Do Not Sell My Personal Information: We do not and will not sell your personal information. To exercise your California privacy rights, submit a request via our privacy contact form.


16. Data Portability and Export

You may export your data at any time:

  • Available formats: JSON, CSV, PDF
  • Includes: All clinical notes, patient data, account information, and usage history
  • Export initiated through account settings or by submitting a request via our privacy contact form
  • Exports provided within 30 days of request
  • You may request exports up to once per month without charge


17. Third-Party Services and Links

Our Services may contain links to third-party websites or integrate with third-party services (e.g., EHR systems, billing platforms). We are not responsible for the privacy practices of these third parties. We recommend reviewing their privacy policies before providing information. Third-party services that access PHI are required to sign BAAs with us.
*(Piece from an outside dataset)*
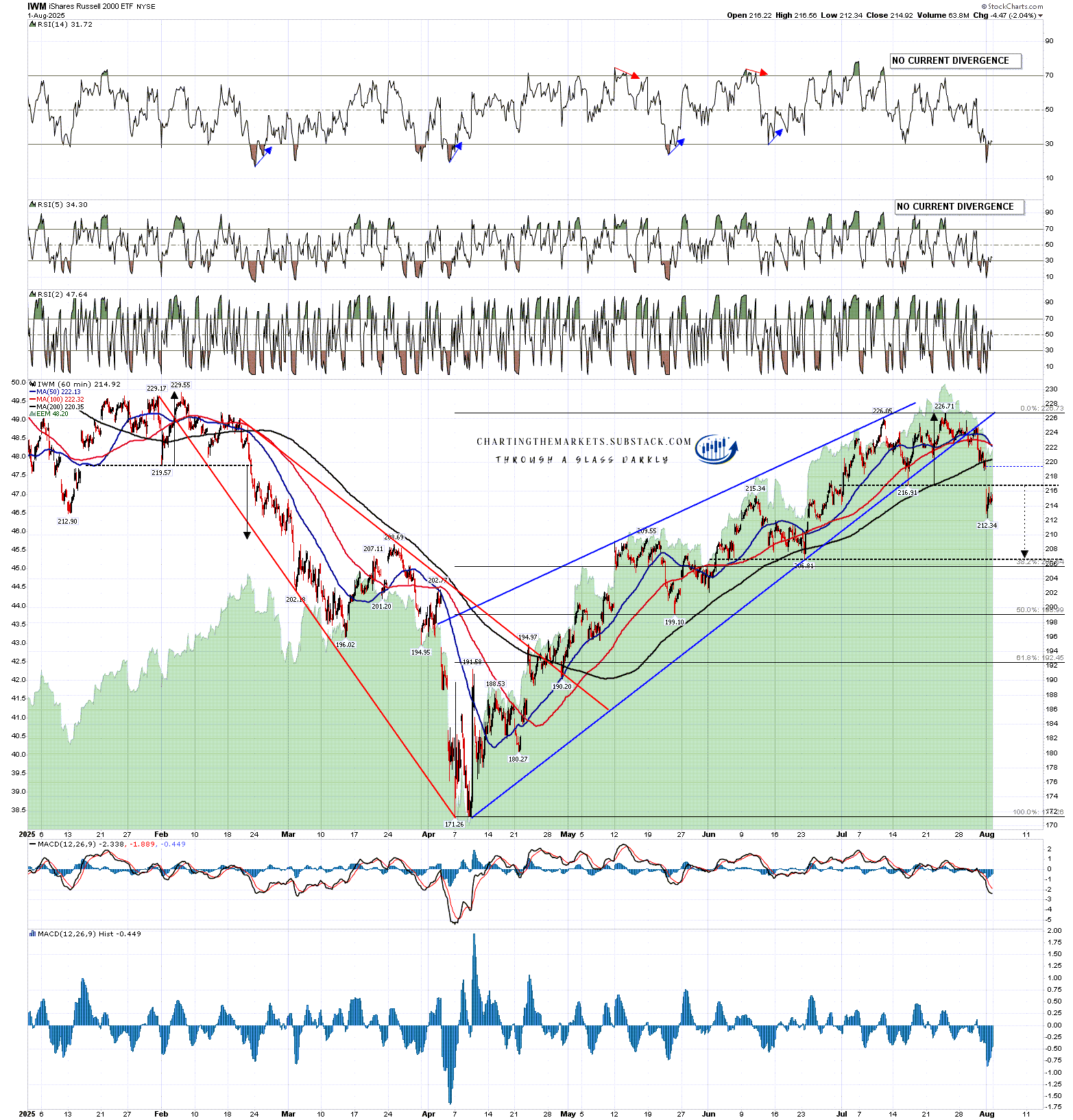 On Friday IWM broke down from the double top there towards a target in the 207 area, just above the possible larger IHS neckline in the 206.81 area. There is a second lower possible IHS neckline in the 199.10 area which is an almost perfect match with a 50% retracement of the move up from the April low.
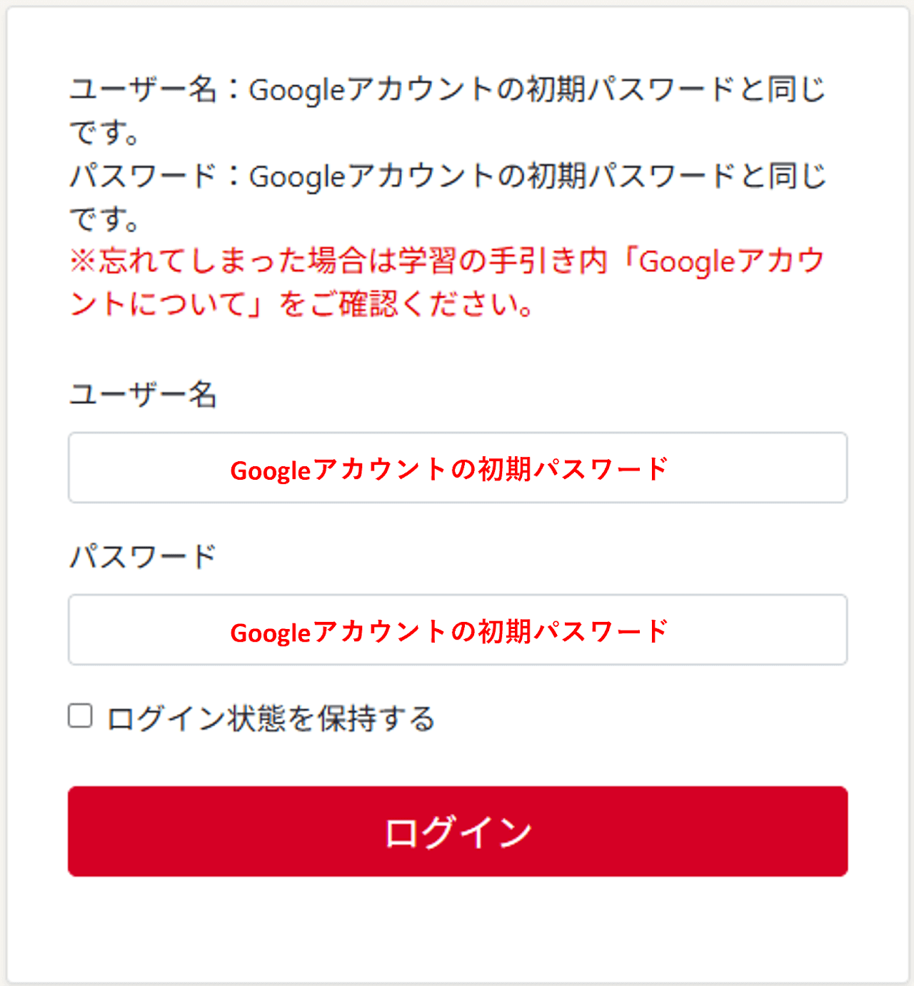 ※初期パスワードは不正ログイン防止のため本サイトには記載できません。学習の手引きを参照ください。

18. Business Transfers and Corporate Changes

If Joyera is involved in a merger, acquisition, bankruptcy, or sale of assets:

  • We will notify you at least 30 days before your information is transferred
  • The acquiring entity must maintain the same privacy protections
  • You will have the option to delete your data before transfer
  • HIPAA protections will continue to apply to PHI
  • You may terminate your account if you object to the transfer


19. Changes to Privacy Policy

We may update this Privacy Policy to reflect changes in our practices, legal requirements, or Services. Material changes will be communicated via:

  • Email notification at least 30 days before effective date
  • Prominent notice in the Services
  • Updated "Last Updated" date at top of this page

Continued use after changes constitute acceptance. If you do not agree to changes, you must stop using the Services and may request deletion of your data.
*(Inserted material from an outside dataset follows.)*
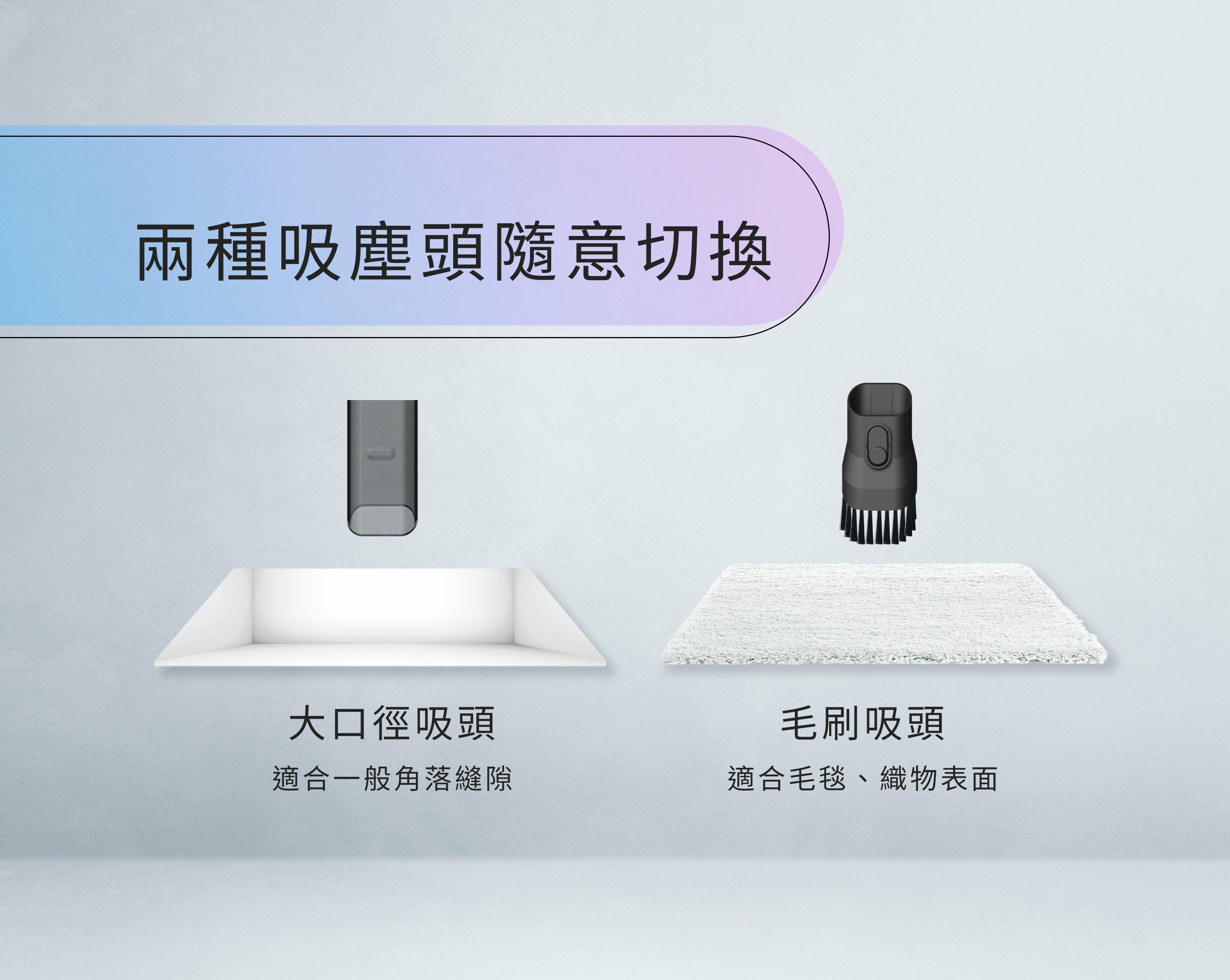 兩檔吸塵模式:一檔吸附落塵毛髮,二檔清潔大顆粒雜質。

20. Contact Us and Privacy Officer

For questions, concerns, or to exercise your privacy rights, contact our Privacy Officer:

Submit a Privacy Request


Response Time: Within 30 days for HIPAA requests; within 45 days for state privacy law requests


You also have the right to file a complaint with:

  • HHS Office for Civil Rights: For HIPAA violations (www.hhs.gov/ocr/privacy/hipaa/complaints)
  • State Attorney General: For state privacy law violations
  • California Attorney General: For CCPA violations (oag.ca.gov)


We will not retaliate against you for filing a complaint.